A 2kg block rests at the edge of a platform that is 10m above ground level.The block launched horizontally from the edge of the platform with an initial speed of 3m/s. Air resistance is negligible.what is the time taken for the block to reach the ground?

0.5g*t^2 = 10.

4.9t^2 = 10,
t = 1.43 s.

vertical free fall equation ... h = -1/2 g t^2 + Vo t + Ho

0 = -1/2 * 9.8 * t^2 + 0 + 10 = -4.9 t^2 + 10

solve for t (quadratic formula)

the horizontal motion has no effect on the flight time

time to fall: t=sqrt(2h/g)

solve that for time.

To determine the time taken for the block to reach the ground, we can use the equations of motion.

Let's consider the vertical motion of the block.

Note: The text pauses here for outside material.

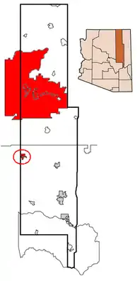 The flag of the Hopi Nation is used by the Native American Hopi people of Arizona in the United States who live on the Hopi Reservation. The flag is a vertical tricolour of turquoise, white, and yellow, with the Hopi symbol in the middle.[2] The flag is accompanied by a red fringe.[1] The Hopi reservation is surrounded by the Navajo Nation.

Since air resistance is negligible, the only force acting on the block in the vertical direction is the force due to gravity. Using the equation:

s = ut + (1/2)gt^2

where s is the vertical displacement, u is the initial vertical velocity, g is the acceleration due to gravity, and t is the time taken.

In this case, we know that the initial vertical velocity (u) is 0 m/s, as the block is launched horizontally. The vertical displacement (s) is equal to the height of the platform (10 m), and the acceleration due to gravity (g) is approximately 9.8 m/s^2.

Plugging the known values into the equation:

10 = 0 * t + (1/2) * 9.8 * t^2

Simplifying the equation:

5t^2 = 10

Dividing both sides by 5:

t^2 = 2

Taking the square root of both sides:

t = √2

Therefore, the time taken for the block to reach the ground is approximately √2 seconds.